Zaman Kaybolmaz İlber Ortaylı'yla gerçekleştirilen bir söyleşi kitabı. Nehir söyleşi de denilen soru cevaplarla ilerleyen biyografik bir çalışma. İlber Ortaylı'nın Kırım'dan Avrupa'ya göçen ailesiyle başlayıp, Topkapı Saray'ına önce müdür sonra da başkan olmasına kadarki sürecine kadar ilerliyor. Ortaylı gerçekten bilgi birikimi bakımından mükemmel bir insan. Onun bu noktaya, koltuğu sağlam kişileri tanıyıp temelsiz vasıflarla kolay yoldan gelmediğini apaçık görebilirsiniz. Nasıl azimle çalıştığını, ona bilgi ve dostluk bakımından fayda sağlayacak insan ilişkilerini nasıl edindiğini, seyahatlerini, fikirlerini belki de biraz patavatsızca söyleyişini hayranlıkla okudum.
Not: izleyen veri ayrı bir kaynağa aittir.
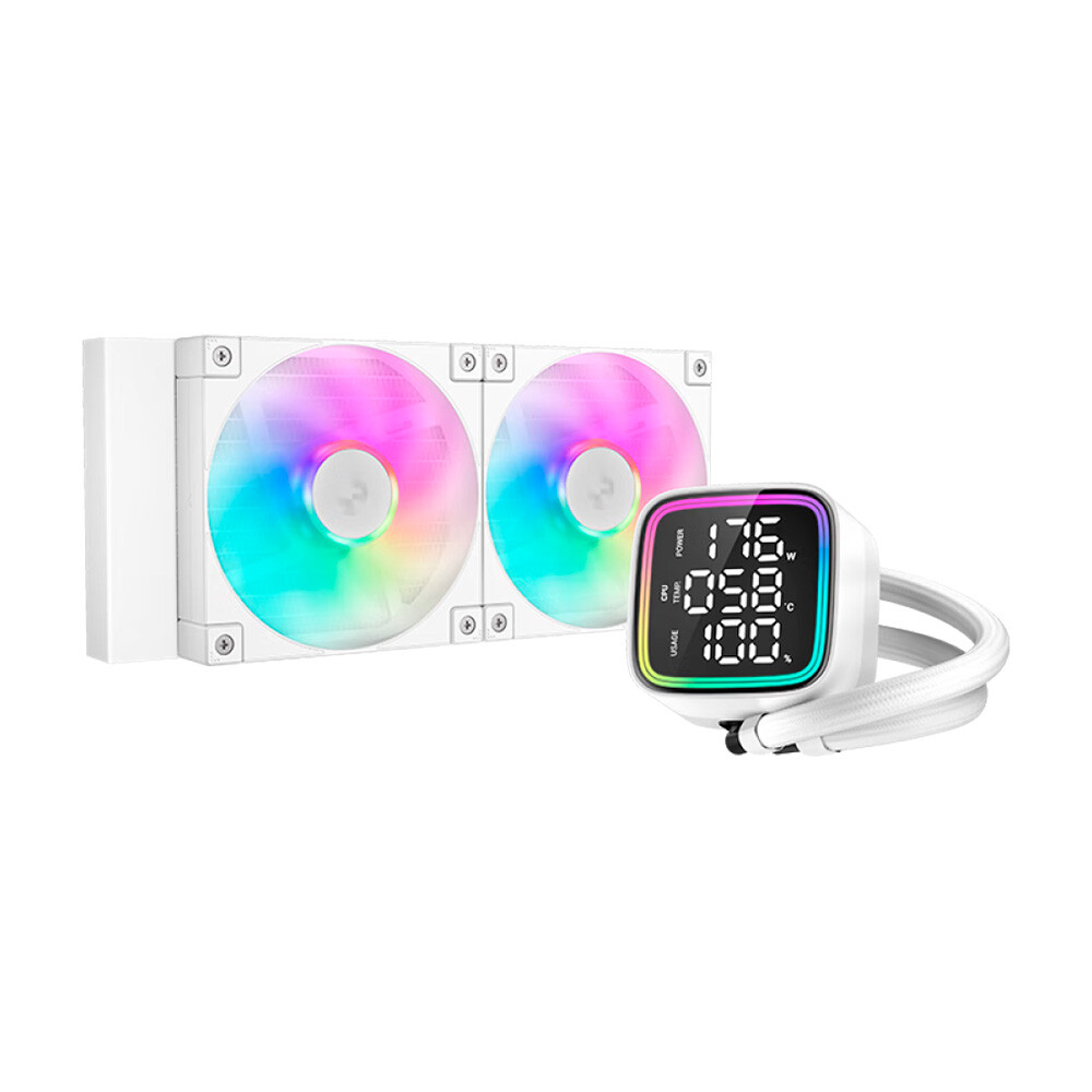 LD240 WH - это переход к следующему этапу в эволюции жидкостных систем охлаждения DeepCool. Все то, что вы любите в DeepCool AIO предыдущего поколения, но теперь с многострочным экраном состояния процессора и насосом 5-го поколения! Освободите драгоценное место на рабочем столе ПК, переместив программное обеспечение для мониторинга процессора с экрана на крышку помпы насос в вашем компьютере.

Kitapla ilgili tek sorun paylaşmak istemediği konulardaki tavizi. 40 yıl önce aynı ortamda bulunduğu ve belki bir daha hiç görmediği insanları isim ve soyadla anarken, yeri geldi mi bazı soruları "Aman ne biliyim ben şimdi unuttum!" diye yanıtlayarak geçiştirmiş.
|
Robert Kolej'in Kızları |
Robert Kolej'in değil de aslında Amerikan Kız Koleji'nin hikayesi. Amerikan misyonerler birliği tarafından Türkiye'ye protestanlığı yaymak için gönderilen misyonerlerden Mary Mills Patrick Erzurum'da bir süre yaşadıktan sonra İstanbul'a göreve getiriliyor. Burada o zaman Üsküdar'da bulunun yüksekokulun müdiresi olarak göreve başlayan Patrick daha sonra azimle okulu koleje çevirip Arnavutköy sırtlarında şu an Robert Kolej'in ikâmet ettiği binalara taşıyor. İster Hristiyanlığı yaymak isteyen ve azınlık isyanlarını alevlendiren hainler diyin ister başka bir şey, ortada kadınların birey olamadığı bir dönemde ortaya çıkan umut ışığından bahsediyoruz. Türk, Rum, Ermeni, Bulgar, Rus, İngiliz, Alman ve Arnavut her kültürden ve yöreden kızlar buraya gelip bu ışığın ortağı oluyorlar. Arka planda çöküşüne az kalmış Osmanlı İmparatorluğu'nu da batılı gözünden okuma şansı elde ediyorsunuz. Kitabın Türkçe'si biraz bozuk o yüzden okurken zorluyor.
|
Türk Promethe'ler |
Türkiye Cumhuriyet'i kurulduktan sonra ortaya büyük bir sorun çıkıyor: yeni nesli yetiştirecek nitelikli bireyler. Bu sebeple devlet, Sümerbank ve MTA Türkiye'den Avrupa'ya öğrencileri burslu gönderiyorlar, bu kitap da gidenlerin mektuplarından ve anılarından bir derleme sunuyor. Kültür değişimi, gittikleri okullarda eğitimin ve bilimin sonsuz nimetlerini görünce yaşadıkları şok, memleket özlemleri, ikinci dünya savaşı gibi bir çok alt metin barındırıyor.Ben en çok Sabahattin Eyüboğlu'nun ailesine yazdığı mektupları sevdim. Ayrıca Sabahattin Ali'nin yıllardır çok satanlardan düşmeyen kitabı Kürk Mantolu Madonna'da böyle bir dönemi anlatır. Kitabı, didaktik bir şekilde değil de anılar ve mektuplar üzerinden gittiği için çok beğendim.
|
Türk Mektupları |
Bu kitap da Avusturya elçisi olarak Kanuni döneminde Osmanlı topraklarına gelen Busbecq'in arkadaşına yazdığı mektuplardan oluşuyor. Derin bir merakla edindiği tüm bilgileri, gözlemlerini, yaşadığı olayları bu mektuplara dökmüş. Tabi bizim o zamanlar kitapla, anıyla, tarihle işimiz olmadığından dönemin ayrıntılarına ilişkin mükemmel bir kaynak sunuyor. Özellikle saat konulu anılarına çok güldüm. Dönem filmi gibi bir kitap. İstanbul'u betimlemelerle çok güzel anlatmış. Adamcağızı canlandırıp geri getirsek Istanbul'un şu anki halini görüp düşer bayılırdı.